Arthur’s Bike Blog

Tuesday 26th April 2011, 3:00PM BST.

Arthur Lamy

Sprint Bonuses

During the week, Trek Bicycle announced that it was starting an ambitious scheme to recycle carbon composite waste.

This had previously been impossible to do. Trek bicycle have just completed a three month trial with Materials Innovation Technologies, a South Carolina company. The plan is that warranty replacement frames, carbon parts that have been used in testing and uncured offcuts of carbon are recycled into non-structural components, or used to reinforce other polymer based products. http://www.trekbikes.com/us/en/trek_life/news/article/2694/2011/04/21/trek_implements_carbon_recycling_program/

I wondered how many keen cyclists had either got married, while on a bike tour, or took their honeymoon by bike? What prompted this was the story of newly-weds, Christy and Adam Coppola, who have taken a year out to ride across all 50 US states and raise money for several cycle charities as they go. The charities that they are promoting are World Bicycle Relief and Achilles International. The couple who come from Connecticut were married in October and set off on their journey in January from San Diego. Their last blog on 13th April saw them in Kentucky, but they should probably be miles away by now!

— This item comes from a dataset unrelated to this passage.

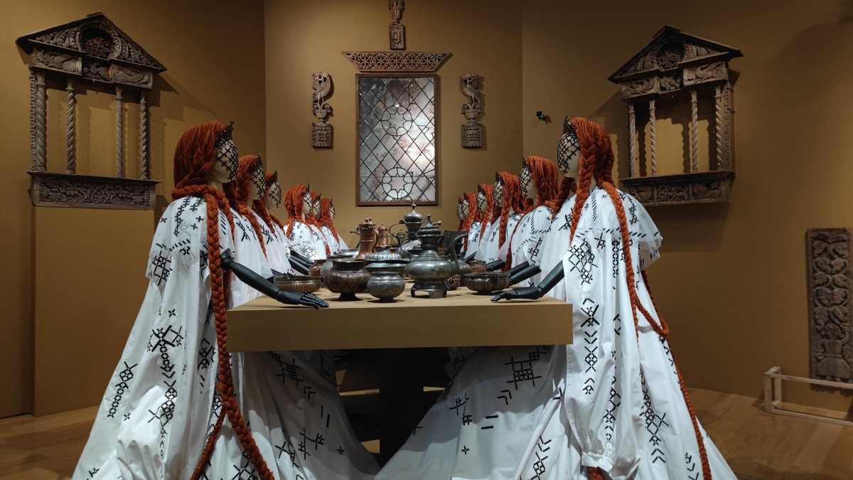 Язык этой выставки — язык русских архетипов, переложенный на коды высокой моды: здесь старинные мотивы и современные приёмы сливаются в единую ткань смыслов. В зале «Зачарованные» зрителей встречают двенадцать девушек, сцеплённых косами — живой символ женского единения; их платья, выстроенные на основе рубахи и расшитые чёрным крестом.

Follow the blog: http://giveabike.blogspot.com/

Although I’m always happy to see bike sales increasing anywhere in the world, the hugely inceased sales in Japan are the result of the earthquake and tsunami. Reports from Japan’s biggest bike retailer, Asahi, a company with nearly 200 shops throughout Japan, say that sales have doubled since the beginning of March.

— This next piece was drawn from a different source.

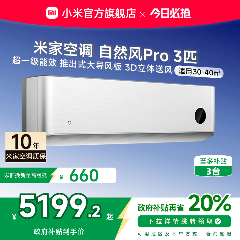 小米米家空调自然风Pro3匹超一级能效壁挂冷暖变频挂机家用客厅
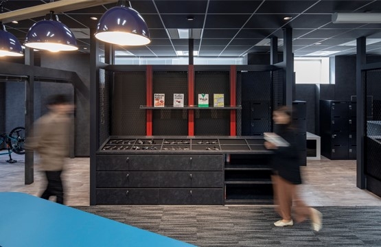 渋谷から五反田へ新天地への移転ということで、今までの印象とは異なる、新たなブランディングを発信する場になるようデザインしました。エントランスはシンプルにまとめた半面、横のガラス窓から見えるリフレッシュエリアにはロゴやグリーンを配置し、社員の皆様や来社されたお客様がわくわくできる空間になっております。会議室にはそれぞれ部屋の名前に合わせたアートやグリーンウォールを取り入れ、内容に合わせて部屋を選ぶことができます。社員の皆様が最大限のパフォーマンスを発揮できるよう、コミュニケーションスペースを中央に集約し、業務内容によって働く場所を選択できるようにしました。

Apart from the devastation to the transport networks, it’s felt that rising oil prices will encourage bicycle use among the Japanese.

Cyclists using the Golden Gate Bridge in San Francisco are to be targeted by city officials if plans go ahead to impose speed limits for cyclists. It’s proposed that cyclists exceeding 10MPH on paths that are shared with pedestrians will face a $100 fine. Naturally these measures are meeting with opposition from local riders. One of the best arguments for cyclists is that legally they don’t have to have speedometers, so it’s impossible to know how fast they’re going.

The bridge is used daily by hundreds of commuters, leisure riders and tourists. Local cyclists say that it’s San Francisco Bay’s notorious fog, that makes riding conditions damp and slippery, that causes most of the problems.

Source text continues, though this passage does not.